• _Material to process_
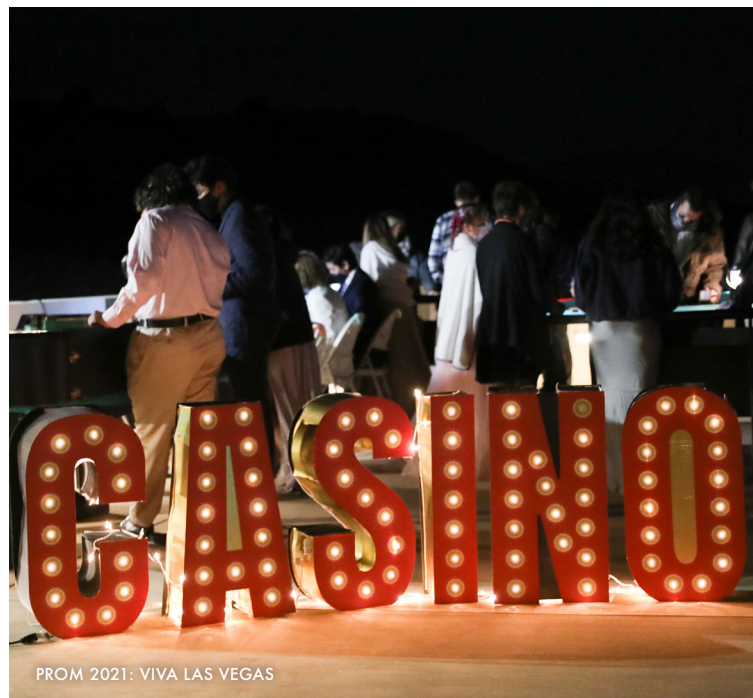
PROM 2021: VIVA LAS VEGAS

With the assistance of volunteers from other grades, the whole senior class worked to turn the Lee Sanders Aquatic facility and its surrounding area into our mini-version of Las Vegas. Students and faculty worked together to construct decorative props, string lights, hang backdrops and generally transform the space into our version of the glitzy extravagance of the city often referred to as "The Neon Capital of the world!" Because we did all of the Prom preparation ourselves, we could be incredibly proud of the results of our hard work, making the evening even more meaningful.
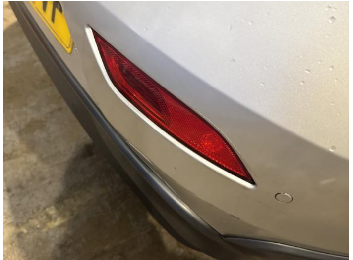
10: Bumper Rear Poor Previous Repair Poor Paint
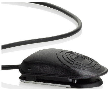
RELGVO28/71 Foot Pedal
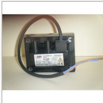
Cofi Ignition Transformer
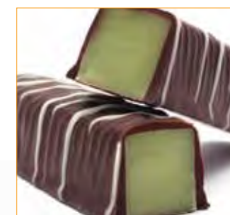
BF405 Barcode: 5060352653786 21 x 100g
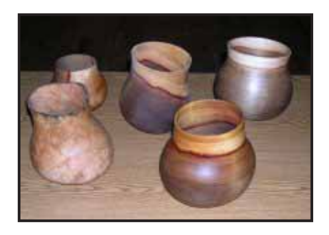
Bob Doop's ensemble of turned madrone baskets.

==

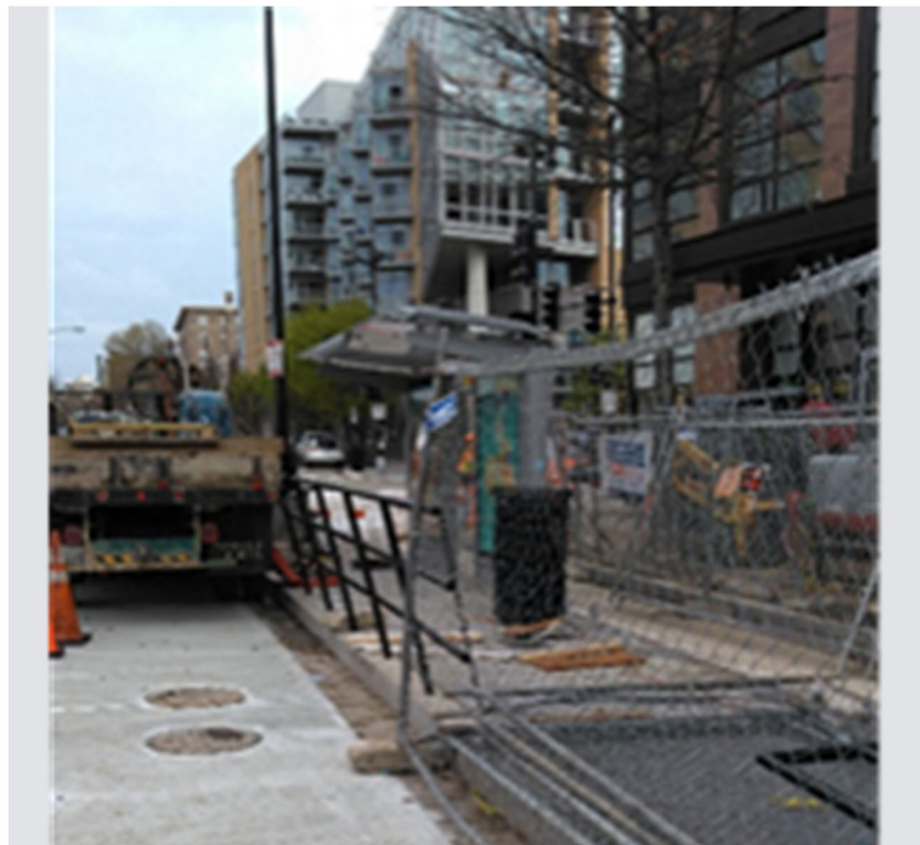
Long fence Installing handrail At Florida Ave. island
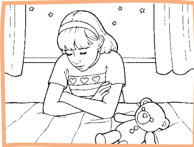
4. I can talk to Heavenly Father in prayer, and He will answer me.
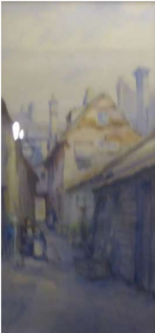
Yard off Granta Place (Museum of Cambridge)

• _The problem_
Above are the records; restate exactly the lines from the one containing "BF405 Barcode: 5060352653786 21 x 100g" through the one containing "Bob Doop's ensemble", keeping pictures out.

• _Output of the exercise_
BF405 Barcode: 5060352653786 21 x 100g
Bob Doop's ensemble of turned madrone baskets.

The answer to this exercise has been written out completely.